### EXERCISE REQUIREMENTS
Beneath this line are entries. Copy the range from the line with "Bộ Nội Y Thiết" to the line with "- Две 256-битные", ends included, exactly; leave pictures out.

### MATERIALS PROVIDED
BEGIN

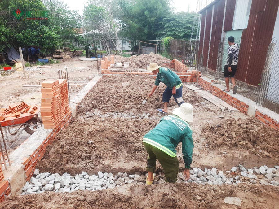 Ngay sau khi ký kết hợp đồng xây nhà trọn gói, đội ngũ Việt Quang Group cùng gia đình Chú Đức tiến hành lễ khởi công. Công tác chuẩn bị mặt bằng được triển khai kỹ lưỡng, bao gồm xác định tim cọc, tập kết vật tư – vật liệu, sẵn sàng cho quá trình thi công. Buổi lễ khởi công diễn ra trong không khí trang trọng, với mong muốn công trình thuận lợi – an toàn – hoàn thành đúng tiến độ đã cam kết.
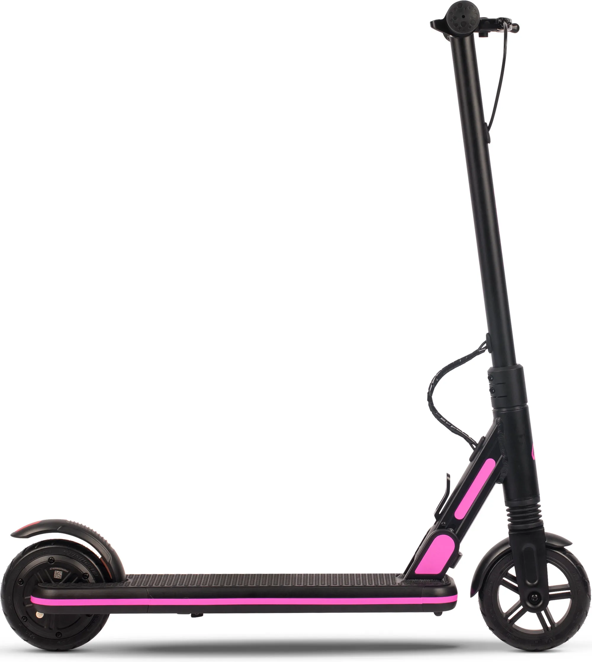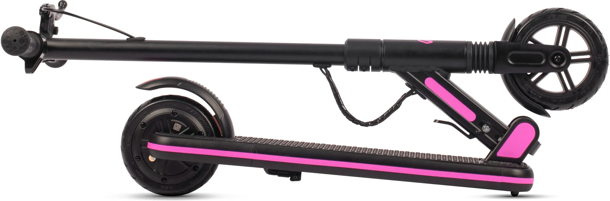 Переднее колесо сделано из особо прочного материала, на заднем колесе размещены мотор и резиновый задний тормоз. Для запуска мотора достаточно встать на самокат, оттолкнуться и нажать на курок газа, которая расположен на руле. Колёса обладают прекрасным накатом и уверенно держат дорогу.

END
BEGIN

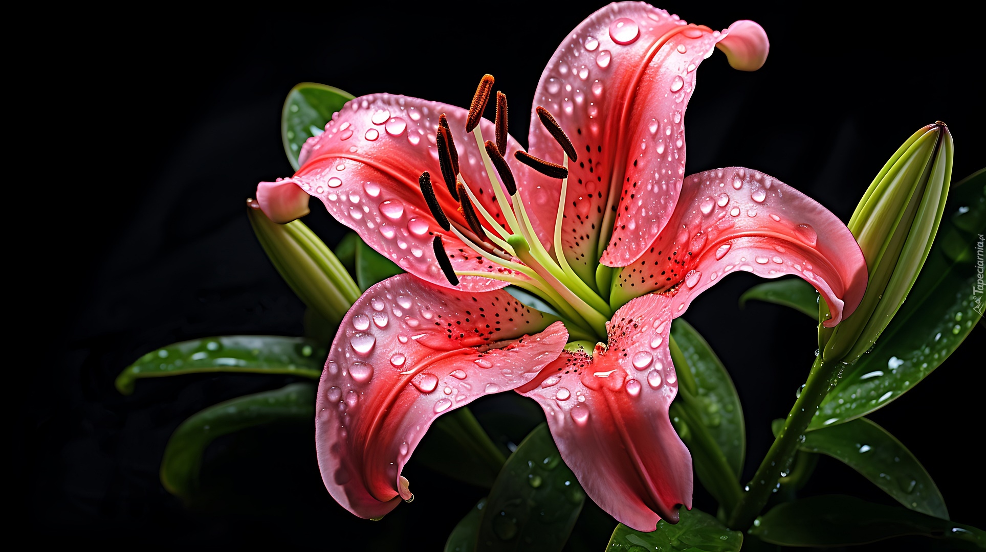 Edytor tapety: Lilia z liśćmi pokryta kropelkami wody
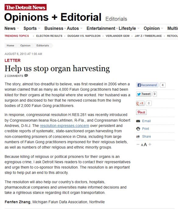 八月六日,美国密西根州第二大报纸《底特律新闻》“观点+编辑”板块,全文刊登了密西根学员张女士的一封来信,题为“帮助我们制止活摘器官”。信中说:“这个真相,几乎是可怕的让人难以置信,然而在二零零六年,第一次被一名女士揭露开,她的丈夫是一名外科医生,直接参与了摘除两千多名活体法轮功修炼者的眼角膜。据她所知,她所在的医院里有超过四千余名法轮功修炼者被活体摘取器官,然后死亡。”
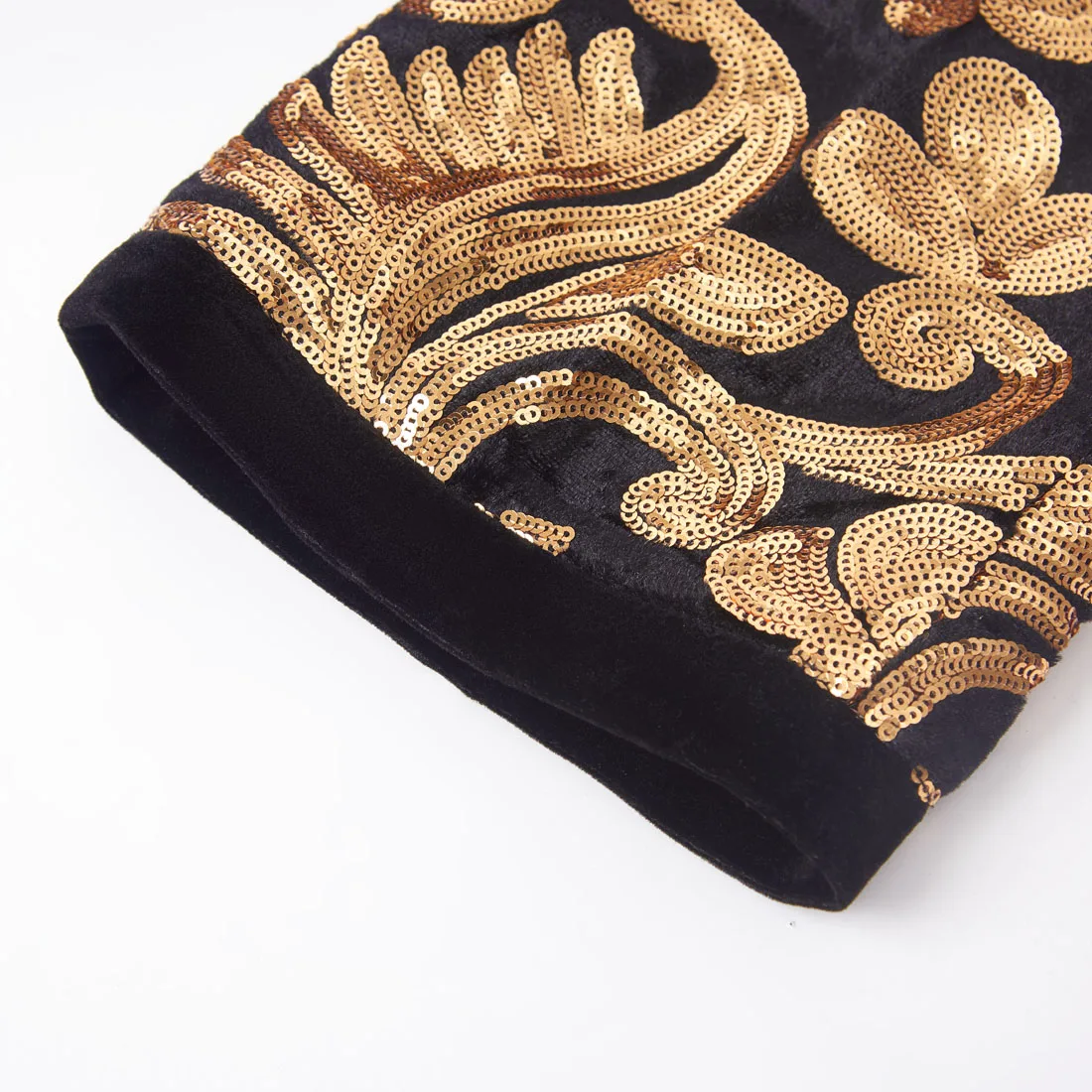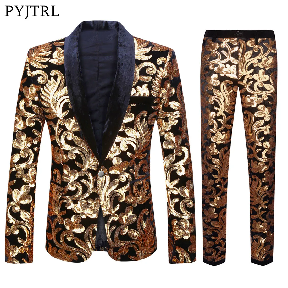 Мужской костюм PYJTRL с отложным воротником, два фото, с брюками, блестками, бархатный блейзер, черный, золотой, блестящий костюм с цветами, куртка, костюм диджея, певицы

END
BEGIN

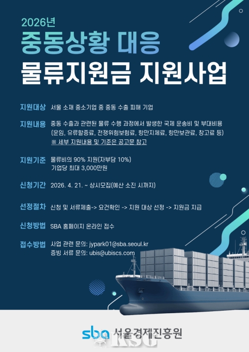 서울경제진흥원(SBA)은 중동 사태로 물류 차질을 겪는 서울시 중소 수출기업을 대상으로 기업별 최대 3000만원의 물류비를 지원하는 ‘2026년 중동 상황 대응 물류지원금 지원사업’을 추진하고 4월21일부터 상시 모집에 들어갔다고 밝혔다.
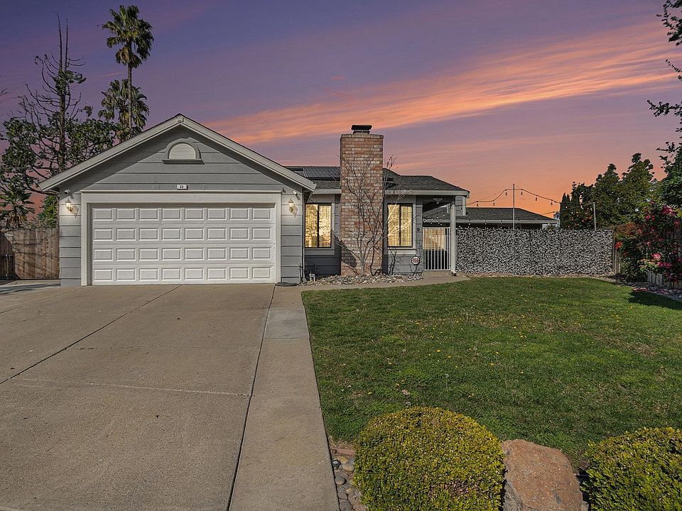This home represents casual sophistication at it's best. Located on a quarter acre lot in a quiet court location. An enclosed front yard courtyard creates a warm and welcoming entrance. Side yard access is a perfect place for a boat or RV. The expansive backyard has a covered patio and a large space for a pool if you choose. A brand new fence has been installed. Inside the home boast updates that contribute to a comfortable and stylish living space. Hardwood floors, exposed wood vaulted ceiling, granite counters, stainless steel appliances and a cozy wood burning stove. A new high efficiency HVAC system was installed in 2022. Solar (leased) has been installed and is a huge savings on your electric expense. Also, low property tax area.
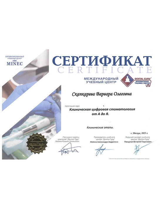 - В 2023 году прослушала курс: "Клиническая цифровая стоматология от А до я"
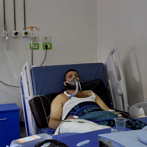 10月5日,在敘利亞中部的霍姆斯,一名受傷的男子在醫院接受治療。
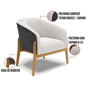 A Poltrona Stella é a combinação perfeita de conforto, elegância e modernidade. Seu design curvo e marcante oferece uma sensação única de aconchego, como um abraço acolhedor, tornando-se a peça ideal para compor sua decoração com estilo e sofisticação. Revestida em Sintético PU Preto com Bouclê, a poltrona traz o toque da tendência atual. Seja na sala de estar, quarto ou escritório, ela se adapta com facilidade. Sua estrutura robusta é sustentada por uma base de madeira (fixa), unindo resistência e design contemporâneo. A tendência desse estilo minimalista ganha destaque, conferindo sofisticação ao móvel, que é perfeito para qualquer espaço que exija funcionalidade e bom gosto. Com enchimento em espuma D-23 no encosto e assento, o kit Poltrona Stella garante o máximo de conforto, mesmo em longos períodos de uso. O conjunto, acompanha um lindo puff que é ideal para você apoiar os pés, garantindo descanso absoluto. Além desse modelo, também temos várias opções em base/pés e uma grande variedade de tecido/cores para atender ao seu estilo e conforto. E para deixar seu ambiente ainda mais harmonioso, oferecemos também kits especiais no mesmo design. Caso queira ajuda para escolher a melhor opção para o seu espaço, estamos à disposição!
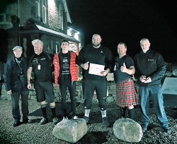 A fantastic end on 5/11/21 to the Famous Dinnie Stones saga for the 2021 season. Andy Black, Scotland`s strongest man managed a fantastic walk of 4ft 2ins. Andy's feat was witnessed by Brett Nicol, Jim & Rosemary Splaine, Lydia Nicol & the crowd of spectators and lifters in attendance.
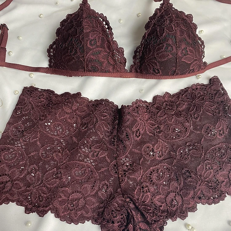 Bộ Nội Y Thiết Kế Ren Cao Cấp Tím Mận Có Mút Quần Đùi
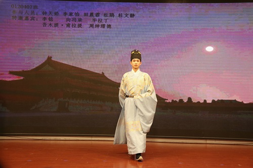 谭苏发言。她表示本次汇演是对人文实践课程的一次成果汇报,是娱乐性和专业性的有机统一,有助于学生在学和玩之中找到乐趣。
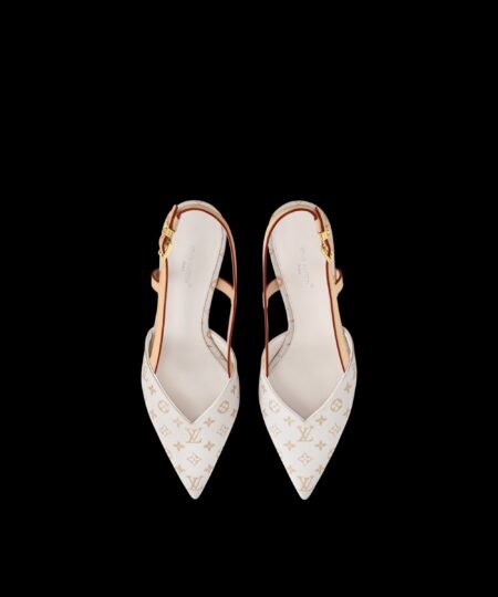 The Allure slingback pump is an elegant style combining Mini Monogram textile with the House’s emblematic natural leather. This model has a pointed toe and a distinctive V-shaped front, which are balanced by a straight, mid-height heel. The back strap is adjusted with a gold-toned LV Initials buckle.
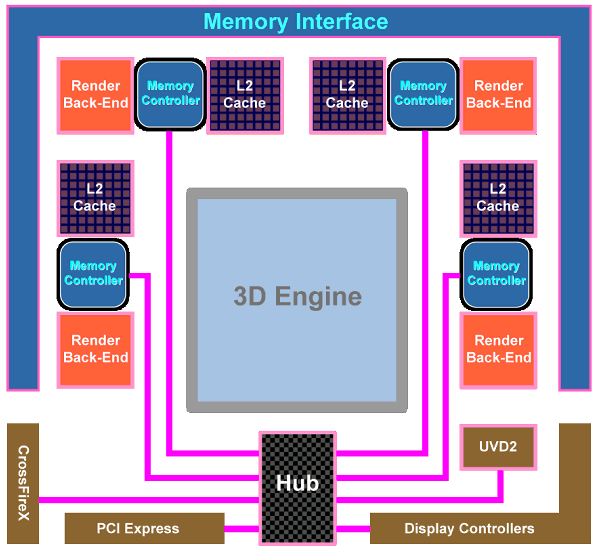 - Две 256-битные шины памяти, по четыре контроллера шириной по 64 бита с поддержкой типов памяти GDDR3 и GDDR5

END

### SOLVED PROBLEM
 Bộ Nội Y Thiết Kế Ren Cao Cấp Tím Mận Có Mút Quần Đùi
 谭苏发言。她表示本次汇演是对人文实践课程的一次成果汇报,是娱乐性和专业性的有机统一,有助于学生在学和玩之中找到乐趣。
 The Allure slingback pump is an elegant style combining Mini Monogram textile with the House’s emblematic natural leather. This model has a pointed toe and a distinctive V-shaped front, which are balanced by a straight, mid-height heel. The back strap is adjusted with a gold-toned LV Initials buckle.
 - Две 256-битные шины памяти, по четыре контроллера шириной по 64 бита с поддержкой типов памяти GDDR3 и GDDR5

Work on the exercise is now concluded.